Warm steady-state request mean: ~80.8 ms
Warm steady-state p99: ~89.6 ms

Routing (Internal vs External, G5)

Internal mean: 94.849 ms
External mean: 97.927 ms
External/Internal: 1.032x (internal faster)

External Cold Comparison (G5, 2026-02-18, Qwen 3B family)

Backend	Startup->Healthy	Request TTFT	Request Full	Cold Total First Token	Cold Total First Response
runtime	1003.537 ms	1108.979 ms	1339.459 ms	2112.516 ms	2342.996 ms
pytorch_transformers	-	528.483 ms	2288.516 ms	6965.227 ms	8725.259 ms
vllm	24032.203 ms	51.763 ms	1036.815 ms	24083.966 ms	25069.018 ms
ollama (GGUF)	1002.695 ms	2168.902 ms	2527.411 ms	3171.597 ms	3530.106 ms

Runtime-normalized (lower is better for runtime):

PyTorch cold total first response: 3.724x runtime.
vLLM cold total first response: 10.7x runtime.
Ollama cold total first response: 1.507x runtime.

Interpretation:

vLLM request-path TTFT is fastest once healthy, but startup dominates total cold in this run.
Runtime is strongest on end-to-end cold total in this specific setup.
Ollama is quantized GGUF and kept with caveat tags (not precision-equivalent to BF16 paths).

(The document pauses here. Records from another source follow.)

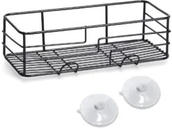 Modern und praktisch – dieses schöne Badregal aus pflegeleichtem Eisen passt perfekt in jedes Badezimmer. Das Regal lässt sich einfach ohne aufwendiges Bohren mit zwei Saugnäpfen an jeder Wand befestigen. Duschgel, Cremes und Badeutensilien haben künftig einen fest Platz und nehmen keinen Platz mehr weg in Duschen oder auf Badewannen. Zwei zusätzliche Haken eignen sich perfekt zum Aufhängen und Trocknen von nassen Waschlappen oder Duschschwämmen.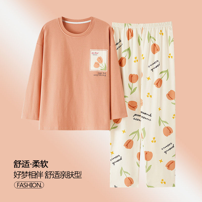 特大码睡衣女春秋季纯棉长袖宽松加肥加大200斤胖妹妹休闲套装6XL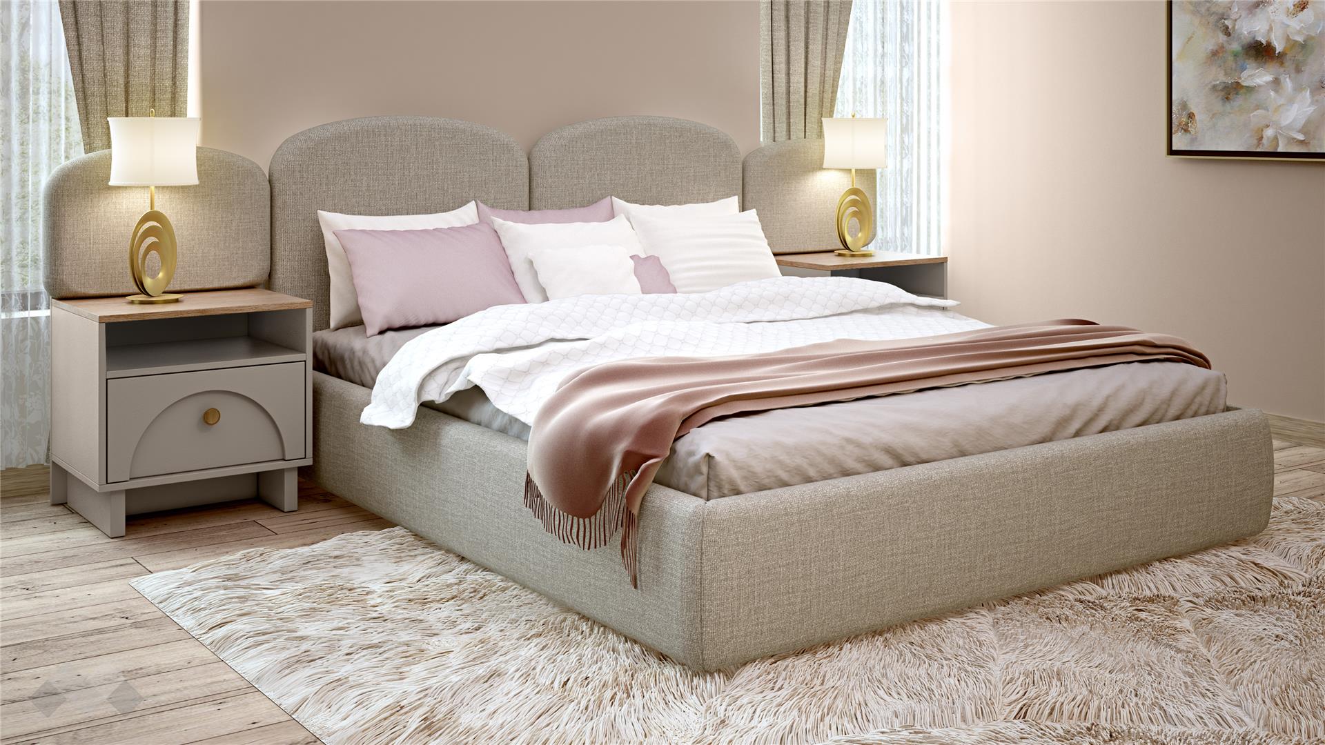 ✓ 18 мм ПДЧ ✓ тапицирана спалня ✓ мека тапицирана табла ✓ 2 нощни шкафа ✓ механизъм за плавно затваряне ✓ модерен бохемски декор ✓ качествена изработка
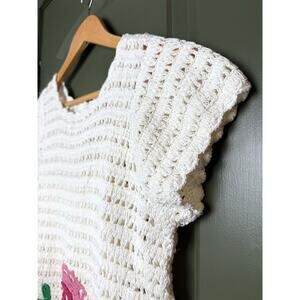Enchanting crochet top in creamy ivory, detailed with vibrant floral appliqué embroidery at the waist. Features a classic crewneck, short sleeves, scalloped edges, and a covered back-button placket for easy style and subtle flair. Fully lined with separate tank that's included.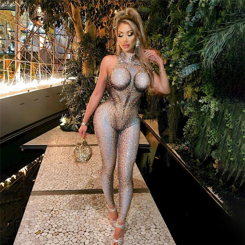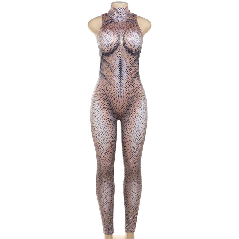 European And American Style Fashion Personality Street Digital Printed Sexy Sleeveless Tight Jumpsuit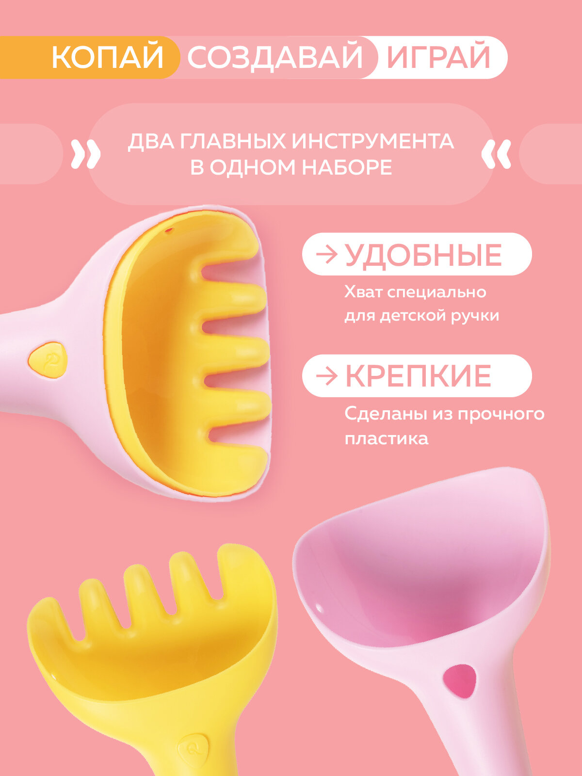 Детский игровой набор для песочницы Quut Raki c лопаткой. Цвет: сладкий розовый и жёлтый камень интересное: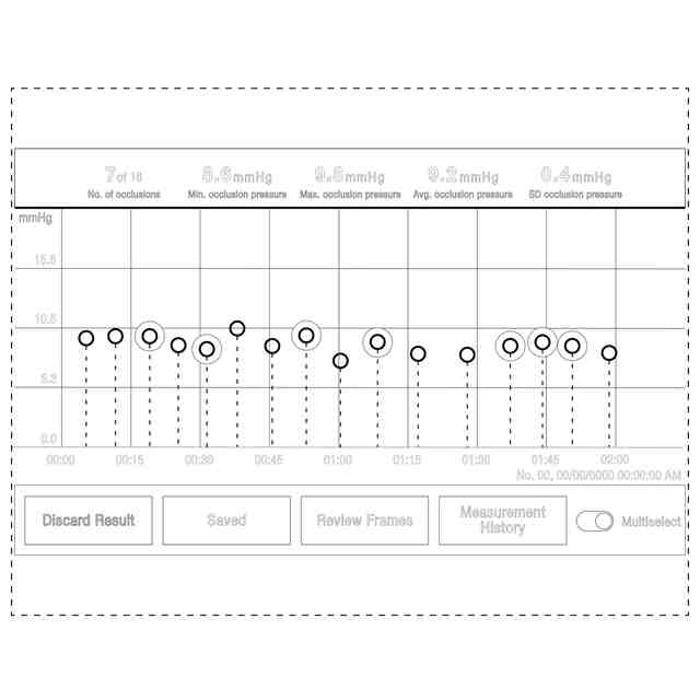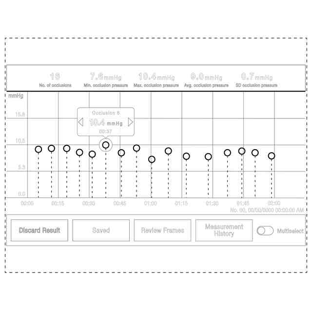 この画像は、血管の超音波検査中にマークを付けた閉塞の詳細を選択して表示するために使用されるものである。使用者が選択した閉塞の位置にマークを付けることにより、当該画像は画像図1から2の順で漸次的に変化する。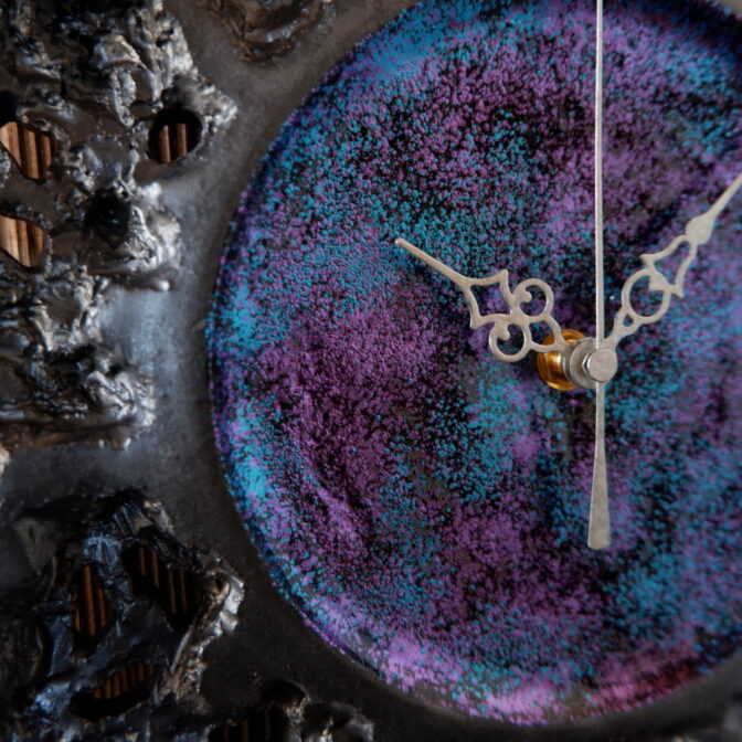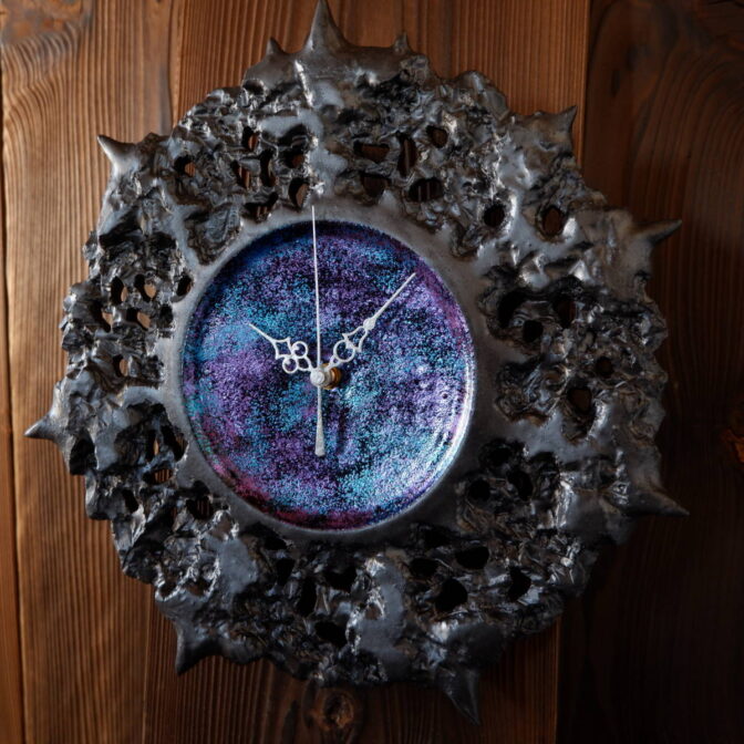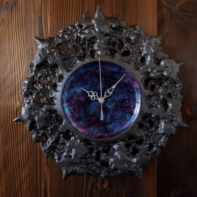 艶を抑えた黒釉で焼いた後に、中央部分に黒漆を塗りブルーとパープルのメタリックパウダーを蒔いて彩色しました。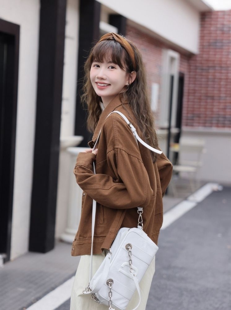復古寬鬆短版外套-咖啡:選擇尺寸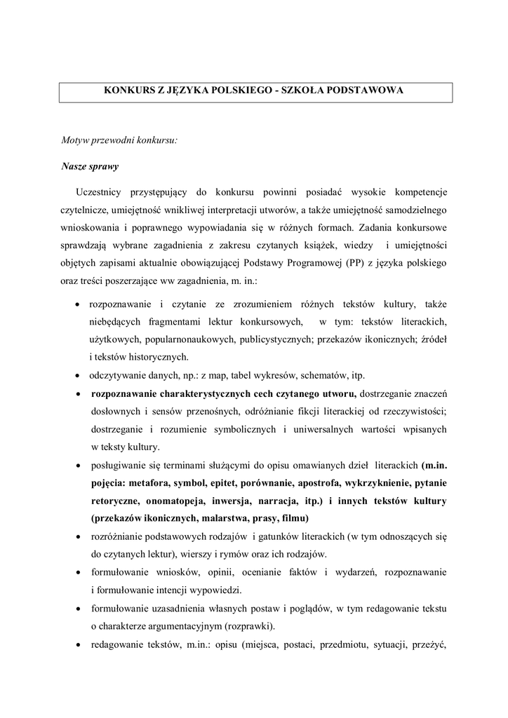 KONKURS Z JĘZYKA POLSKIEGO - SZKOŁA PODSTAWOWA Motyw przewodni konkursu: Nasze sprawy Uczestnicy przystępujący do konkursu powinni posiadać wysokie kompetencje czytelnicze, umiejętność wnikliwej interpretacji utworów, a także umiejętność samodzielnego wnioskowania i poprawnego wypowiadania się w różnych formach. Zadania konkursowe sprawdzają wybrane zagadnienia z zakresu czytanych książek, wiedzy i umiejętności objętych zapisami aktualnie obowiązującej Podstawy Programowej (PP) z języka polskiego oraz treści poszerzające ww zagadnienia, m. in.: rozpoznawanie i czytanie ze zrozumieniem różnych tekstów kultury, także niebędących fragmentami lektur konkursowych, w tym: tekstów literackich, użytkowych, popularnonaukowych, publicystycznych; przekazów ikonicznych; źródeł i tekstów historycznych. odczytywanie danych, np.: z map, tabel wykresów, schematów, itp. rozpoznawanie charakterystycznych cech czytanego utworu, dostrzeganie znaczeń dosłownych i sensów przenośnych, odróżnianie fikcji literackiej od rzeczywistości; dostrzeganie i rozumienie symbolicznych i uniwersalnych wartości wpisanych w teksty kultury. posługiwanie się terminami służącymi do opisu omawianych dzieł literackich (m.in. pojęcia: metafora, symbol, epitet, porównanie, apostrofa, wykrzyknienie, pytanie retoryczne, onomatopeja, inwersja, narracja, itp.) i innych tekstów kultury (przekazów ikonicznych, malarstwa, prasy, filmu) rozróżnianie podstawowych rodzajów i gatunków literackich (w tym odnoszących się do czytanych lektur), wierszy i rymów oraz ich rodzajów. formułowanie wniosków, opinii, ocenianie faktów i wydarzeń, rozpoznawanie i formułowanie intencji wypowiedzi. formułowanie uzasadnienia własnych postaw i poglądów, w tym redagowanie tekstu o charakterze argumentacyjnym (rozprawki). redagowanie tekstów, m.in.: opisu (miejsca, postaci, przedmiotu, sytuacji, przeżyć, krajobrazu, itp.), wzbogaconego kompozycyjnie opowiadania, listu (w tym oficjalnego), mowy, charakterystyki, sprawozdania, recenzji, reklamy, ogłoszenia, zawiadomienia, zaproszenia, dialogu, różnych form notatek (np. encyklopedycznej, informacji prasowej), instrukcji, przepisu, regulaminu, kodeksu, kartki pocztowej, tekstów adresatywnych typu dedykacja (podziękowanie, gratulacje, itp.), biogramu, wywiadu, fragmentu pamiętnika, dziennika, planu (twórczego i odtwórczego) oraz innych przewidzianych w PP. redagowanie twórczych tekstów, np. opowiadania, z obrazowym ujmowaniem epizodów, postaci, scenek, z uwzględnieniem dialogu, opisu, elementów charakterystyki postaci, opowiadanie w roli. formułowanie innych wypowiedzi w formie pisemnej w zależności od adresata, roli, celu, inspirowanych rysunkiem, cytatem, itp. dokonywanie celowych operacji na tekście, np. streszczanie, przekształcanie stylistyczne, przekształcanie mowy niezależnej na zależną. stosowanie środków językowych wzbogacających styl wypowiedzi, rozpoznanie ich i nazywanie. rozumienie i przestrzeganie norm gramatycznych, ortograficznych i interpunkcyjnych na poziomie wyrazu, zdania, akapitu. stosowanie i wyjaśnianie znaczeń synonimów, antonimów, homonimów, zjawiska stylizacji językowej, polisemii. Znajomość leksyki i frazeologii związanej z tematyką konkursu. ujmowanie treści w związkach przyczynowo-skutkowych. posługiwanie się kategoriami czasu i przestrzeni w celu porządkowania wydarzeń: sytuowanie ich w przestrzeni, umieszczanie dat w przedziałach czasowych, nazywanie epok historyczno - literackich, porządkowanie wydarzeń w kolejności chronologicznej z wykorzystaniem w tym celu mapy, tabeli, wykresu. znajomość pojęć, wydarzeń i postaci stanowiących kontekst, np. biograficzny, plastyczny, historyczny dla obowiązujących na danym etapie lektur konkursowych. wskazywanie źródeł informacji, posługiwanie się nimi, porządkowanie i selekcjonowanie ich. integrowanie wiedzy uzyskanej z analizowanych źródeł; wyciąganie wniosków z ich porównywania. wykazanie się funkcjonalną i teoretyczną wiedzą w zakresie podstawowych zagadnień i pojęć z zakresu gramatyki języka polskiego np. wszystkie części mowy, części zdania, rodzaje wypowiedzeń, rodzaje zdań złożonych współrzędnie i podrzędnie oraz zgodnie z zapisami aktualnie obowiązującej PP (czyt. PP: Świadomość językowa uczniów). Uwaga! Uczestnicy etapu szkolnego i rejonowego powinni znać teksty literackie wskazane w spisie lektur dla odpowiedniej części konkursu. W etapie wojewódzkim obowiązuje znajomość wszystkich lektur. Lektury ETAP I: F. Hudson Burnett, Tajemniczy ogród L. Maud Montgomery, Ania z Zielonego Wzgórza M. Witcher, Dziewczynka z szóstego księżyca J. Olech, Dynastia Miziołków M. Musierowicz, Kwiat kalafiora T. Jansson, Opowiadania z Doliny Muminków K. Makuszyński, Szatan z siódmej klasy K. Paterson, Most do Therabithii, I. Jurgielewiczowa, Ten obcy, Inna ETAP II ETAP III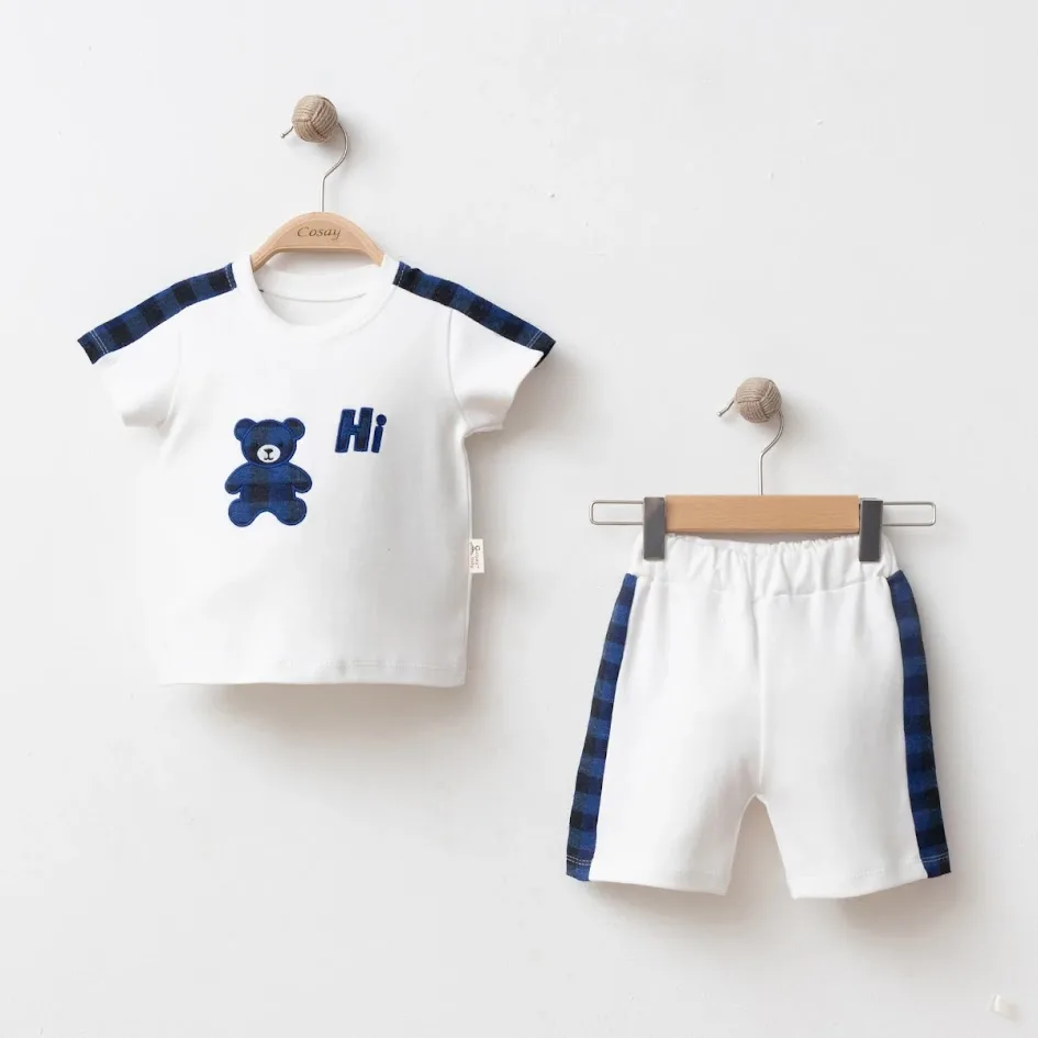 Βρεφικό Σετ με Αρκουδάκι “Hi” – Μπλούζα & Σορτσάκι για Αγόρι

External Cold Comparison (G5, 2026-02-18, preload + tokenizer cache)

Backend	Startup->Healthy	Request TTFT	Request Full	Cold Total First Token	Cold Total First Response
runtime	2004.735 ms	91.596 ms	271.346 ms	2096.331 ms	2276.081 ms
pytorch_transformers	-	522.795 ms	2252.382 ms	6644.737 ms	8374.324 ms
vllm	27036.682 ms	51.725 ms	1035.826 ms	27088.407 ms	28072.508 ms
ollama (GGUF)	1002.508 ms	2182.542 ms	2538.609 ms	3185.050 ms	3541.117 ms

Runtime-normalized (lower is better for runtime):

vLLM request full latency: 3.817x runtime.
vLLM cold total first response: 12.334x runtime.
Remaining gap: vLLM request TTFT is still lower (51.725 ms vs runtime 91.596 ms).

Important caveat:

The run above was before request max_tokens was wired through runtime inference (runtime still generated 4 tokens there).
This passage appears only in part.